[proofplan]
The moment equalities first extend by linearity from monomials to all complex polynomial test functions on $[-R,R]$. We then use the [Weierstrass Approximation Theorem](/theorems/480) to approximate an arbitrary [continuous function](/page/Continuous%20Function) uniformly by polynomials. Since $\mu$ and $\nu$ are probability measures, uniform approximation controls the corresponding integrals, so the two measures have identical integrals against every continuous function on the compact interval. The [Riesz Representation Theorem](/theorems/218) for finite Borel measures on compact Hausdorff spaces then identifies the restricted measures on $[-R,R]$, and the support hypothesis extends the equality to all Borel subsets of $\mathbb{R}$.
[/proofplan]
[step:Extend equality from monomials to polynomial test functions]
Let $K := [-R,R] \subset \mathbb{R}$. Let $p: K \to \mathbb{C}$ be a complex polynomial, so there are an integer $m \geq 0$ and coefficients $a_0,\dots,a_m \in \mathbb{C}$ such that
\begin{align*}
p(t) = \sum_{n=0}^{m} a_n t^n
\end{align*}
for every $t \in K$. Since $p$ is bounded on the compact set $K$ and $\mu,\nu$ are finite measures, $p$ is integrable with respect to both $\mu$ and $\nu$ on $K$. By linearity of the [Lebesgue integral](/page/Lebesgue%20Integral) for complex-valued integrable functions and by the assumed moment equalities,
\begin{align*}
\int_K p(t)\,d\mu(t) = \sum_{n=0}^{m} a_n \int_K t^n\,d\mu(t).
\end{align*}
Using the hypothesis for each $0 \leq n \leq m$ gives
\begin{align*}
\sum_{n=0}^{m} a_n \int_K t^n\,d\mu(t) = \sum_{n=0}^{m} a_n \int_K t^n\,d\nu(t).
\end{align*}
Applying linearity again,
\begin{align*}
\sum_{n=0}^{m} a_n \int_K t^n\,d\nu(t) = \int_K p(t)\,d\nu(t).
\end{align*}
Therefore
\begin{align*}
\int_K p(t)\,d\mu(t) = \int_K p(t)\,d\nu(t)
\end{align*}
for every complex polynomial $p: K \to \mathbb{C}$.
[/step]
[step:Approximate continuous functions uniformly by polynomials and pass to the integral]
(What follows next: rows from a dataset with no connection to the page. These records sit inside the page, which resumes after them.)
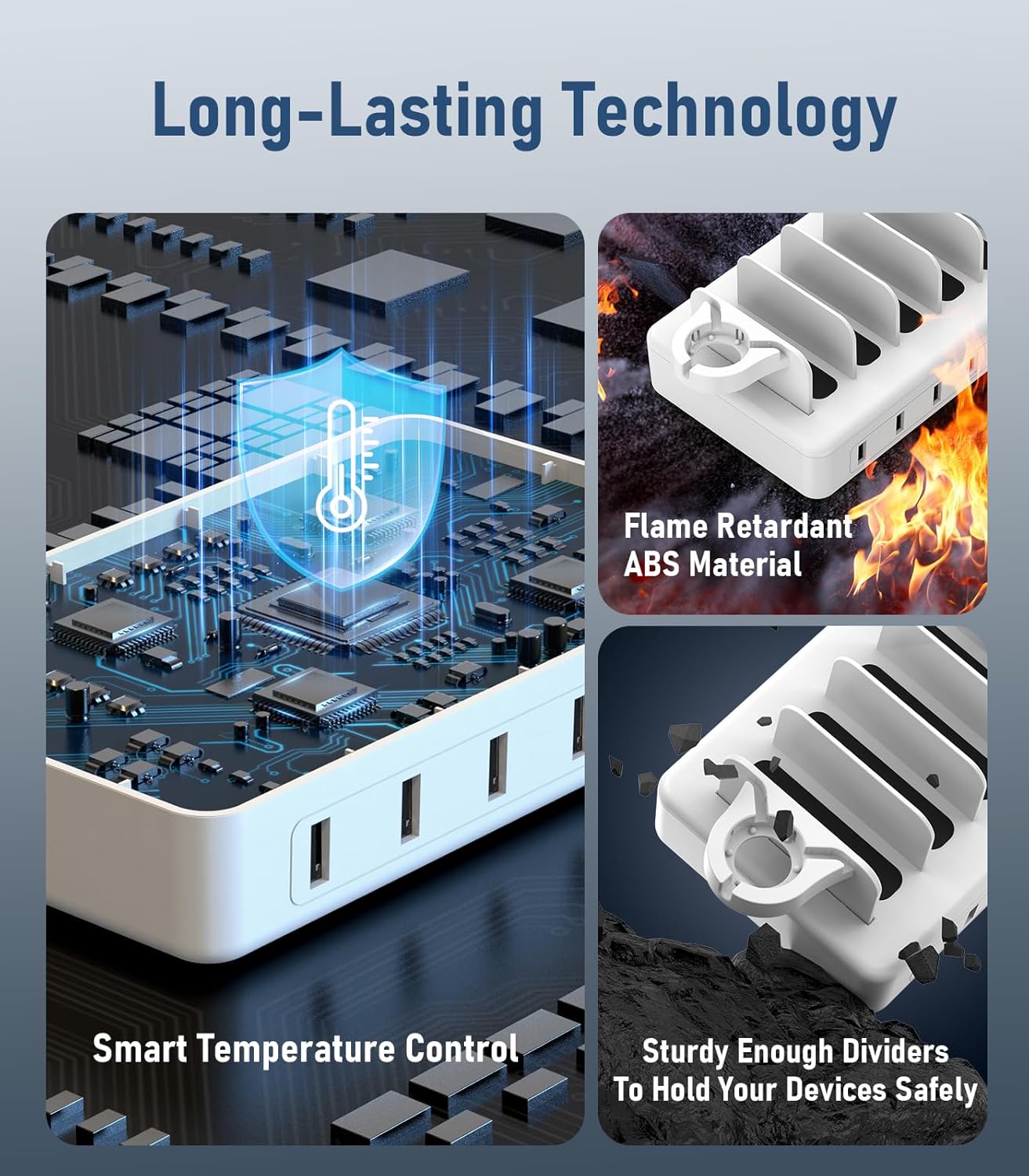 - ăIntelligent Device ProtectionăOur charging station for multiple devices apple has real-time temperature monitoring technology. It automatically cuts off the power supply when the temperature is too high to prevent short circuit.This apple charging station also has overheating and overcharging protection to maximize protection
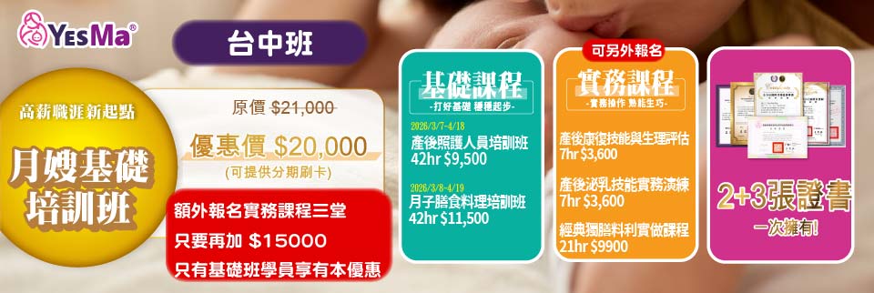 115年度『第42期-到府坐月子專業人員培訓班-產後照護人員培訓班』台中(週六) 3/7開課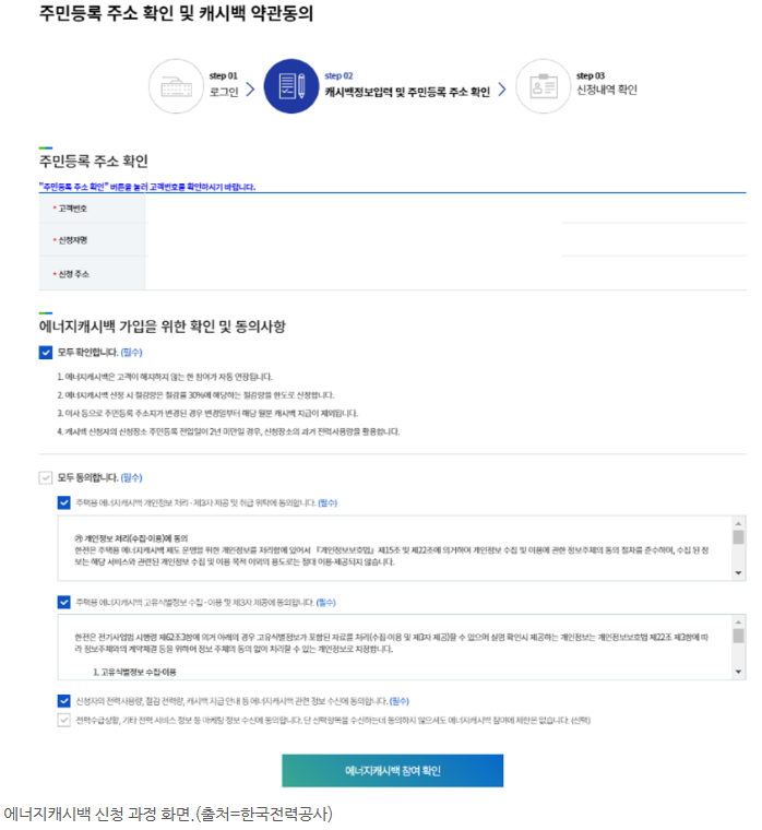 먼저, 한국전력 에너지캐시백 누리집에서 로그인 후 에너지캐시백 지급 신청을 합니다. 캐시백 정보와 주민등록 주소를 확인하고, 필수 동의사항에 체크합니다.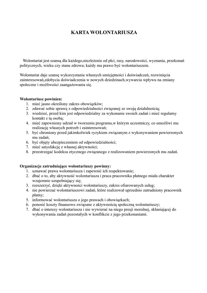KARTA WOLONTARIUSZA Wolontariat jest szansą dla każdego,niezleżenie od płci, rasy, narodowości, wyznania, przekonań politycznych, wieku czy stanu zdrowa; każdy ma prawo być wolontariuszem. Wolontariat daje szansę wykorzystania własnych umiejętności i doświadczeń, rozwinięcia zainteresowań,zdobycia doświadczenia w nowych dziedzinach,wywarcia wpływu na zmiany społeczne i możliwości zaangażowania się. Wolontariusz powinien: 1. mieć jasno określony zakres obowiązków; 2. zdawać sobie sprawę z odpowiedzialności związanej ze swoją działalnością; 3. wiedzieć, przed kim jest odpowiedzialny za wykonanie swoich zadań i mieć regularny kontakt z tą osobą; 4. mieć zapewniony udział w tworzeniu programu,w którym uczestniczy, co umożliwi mu realizację własnych potrzeb i zainteresowań; 5. być chroniony przed jakimkolwiek ryzykiem związanym z wykonywaniem powierzonych mu zadań; 6. być objęty ubezpieczeniem od odpowiedzialności; 7. mieć satysfakcję z własnej aktywności; 8. przestrzegać kodeksu etycznego związanego z realizowaniem powierzonych mu zadań. Organizacje zatrudniające wolontariuszy powinny: 1. uznawać prawa wolontariusza i zapewnić ich respektowanie; 2. dbać o to, aby aktywność wolontariusza i praca pracownika płatnego miała charakter wzajemnie uzupełniający się; 3. rozszerzyć, dzięki aktywności wolontariuszy, zakres ofiarowanych usług; 4. nie powierzać wolontariuszowi zadań, które realizował uprzednio zatrudniony pracownik płatny; 5. informować wolontariusza o jego prawach i obowiązkach; 6. ponosić koszty finansowe związane z aktywnością społeczną wolontariuszy; 7. dbać o interesy wolontariusza i nie wywierać na niego presji moralnej, skłaniającej do wykonywania zadań pozostałych w konflikcie z jego przekonaniami. KODEKS ETYCZNY WOLONTARIUSZA Wolontariusz powinien: być pewnym- zastanów się, dlaczego chcesz pomagać innym ludziom; być przekonanym- nie ofiaruj swej pomocy, jeżeli nie jesteś przekonany o wartości tego, co robisz; być lojalnym- zgłaszaj sugestie, nie „ uderzaj” w innych; przestrzegać zasad – nie krytykuj rzeczy, których nie rozumiesz, może okazać się, że mają swoje uzasadnienie; mów otwarcie- pytaj o rzeczy, których nie rozumiesz, nie pozwól, by tłumione wątpliwości i frustracje odciągały cię od tego co najważniejsze bądź zmieniły w osobę stwarzająca problemy; chętnie ucz się- rozszerzaj swoją wiedzę; stale się rozwijać- staraj się wiedzieć jak najwięcej o organizacji, w których pracujesz i o powierzonej pracy; nie sprzeciwiać się kontroli nad sobą- będziesz pracował lepiej i z większą satysfakcją, wykonując to, czego się od ciebie oczekuje; być osobą, na której można polegać- praca jest zobowiązaniem, wykonaj to, co zgodziłeś się robić, nie składaj obietnic, których nie jesteś w stanie spełnić; działać w zespole- znajdź dla siebie miejsce w grupie; samotnik działający na własną rękę jest mało skuteczny. DANE OSOBOWE WOLONTARIUSZA Imię :.......................................................................................................................................... Nazwisko : ................................................................................................................................ Wiek: …..................................................................................................................................... Nr PESEL : …........................................................................................................................... Adres - stały : …................................................................................................................... - tymczasowy : …...................................................................................................... Telefon : - dom:........................................................................................................................... komórka: …............................................................................................................... praca : …................................................................................................................... e- mail : ….................................................................................................................................. Rodzaj wykonywanej pracy lub szkoła, studia ( kierunek studiów lub profil szkoły) : ….............................................................................................................................................. Dodatkowe umiejętności,ukończone kursy,szkolenia,języki obce itp.;................................... …...................................................................................................................................... Forma pracy w naszym wolontariacie: …..................................................................................................................................... Data zgłoszenia........................................................................................................................ Data odbytego szkolenia........................................................................................................... FORMULARZ DLA NIEPEŁNOLETNIEGO WOLONTARIUSZA IMIĘ: NAZWISKO: DATA URODZENIA: ADRES ZAMIESZKANIA: ulica dzielnica Kod pocztowy Tel. domowy Tel. kontaktowy/komórkowy E-mail PROSIMY O OKREŚLENIE BIEŻĄCEJ AKTYWNOŚCI ZAWODOWEJ : Uczeń Osoba pobierająca rentę Inne.:........................................ JEŚLI PRACUJESZ ZAROBKOWO,PROSIMY O PODANIE NASTĘPUJĄCYCH INFORMACJI: Nazwa : Organizacji, Firmy, Instytucji ….............................................................................................................................................................. Ulica: …...............................................................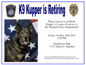 Calendar Add to Calendar Add to Timely Calendar Add to Google Add to Outlook Add to Apple Calendar Add to other calendar Export to XML When: October 10, 2025 @ 2:00 pm 2025-10-10T14:00:00-05:00 2025-10-10T14:15:00-05:00 Where: Dykshoorn Park Contact: Mandan Police Department 701-667-3250 Event website City of Mandan General Community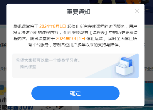 腾讯课堂上线于2014年4月,将于2024年10月关闭,整整十年。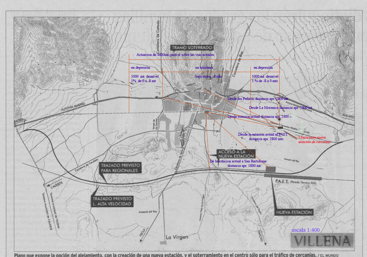 Si el trazado del AVE se lo encontró así, que mejor opción que trasladar todas la vías a su paso por Villena a dicho trazado, ya que desde el primer momento se conocía por nuestros gobernantes que el soterramiento integral no podía llevarse a cabo.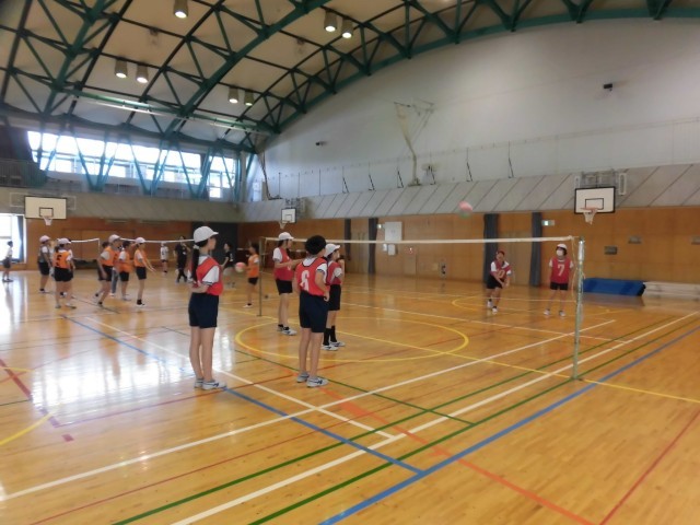6年生は「八小ガンバレー」(ネット型ボール運動)に取り組んでいます。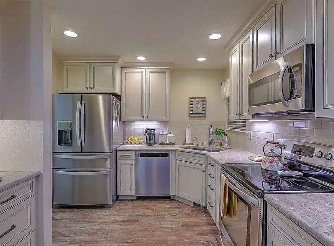 There is also a visible oil stain on the driveway, and while the tile flooring is modern, the current style may not appeal to everyone and could be a candidate for updating.

Let $f: K \to \mathbb{C}$ be continuous. By the Weierstrass Approximation Theorem applied separately to the real-valued continuous functions $\operatorname{Re} f: K \to \mathbb{R}$ and $\operatorname{Im} f: K \to \mathbb{R}$, for every $\varepsilon > 0$ there exists a complex polynomial $p_\varepsilon: K \to \mathbb{C}$ such that
\begin{align*}
\sup_{t \in K} |f(t) - p_\varepsilon(t)| < \varepsilon.
\end{align*}
Since $\mu(K)=\nu(K)=1$, the triangle inequality for integrals gives
\begin{align*}
\left|\int_K f(t)\,d\mu(t) - \int_K f(t)\,d\nu(t)\right| \leq \int_K |f(t)-p_\varepsilon(t)|\,d\mu(t) + \int_K |f(t)-p_\varepsilon(t)|\,d\nu(t).
\end{align*}
Using the uniform bound and the fact that both measures are probability measures,
\begin{align*}
\int_K |f(t)-p_\varepsilon(t)|\,d\mu(t) + \int_K |f(t)-p_\varepsilon(t)|\,d\nu(t) < 2\varepsilon.
\end{align*}
Because $\varepsilon > 0$ was arbitrary,
\begin{align*}
\int_K f(t)\,d\mu(t) = \int_K f(t)\,d\nu(t).
\end{align*}
[guided]
Let $f: K \to \mathbb{C}$ be continuous. The moment hypothesis gives equality of integrals only for polynomials, so the goal is to replace $f$ by a polynomial without changing the integral by much. The correct topology here is the uniform norm, because if two functions are uniformly close and the measure has total mass $1$, then their integrals are close by at most the same uniform error.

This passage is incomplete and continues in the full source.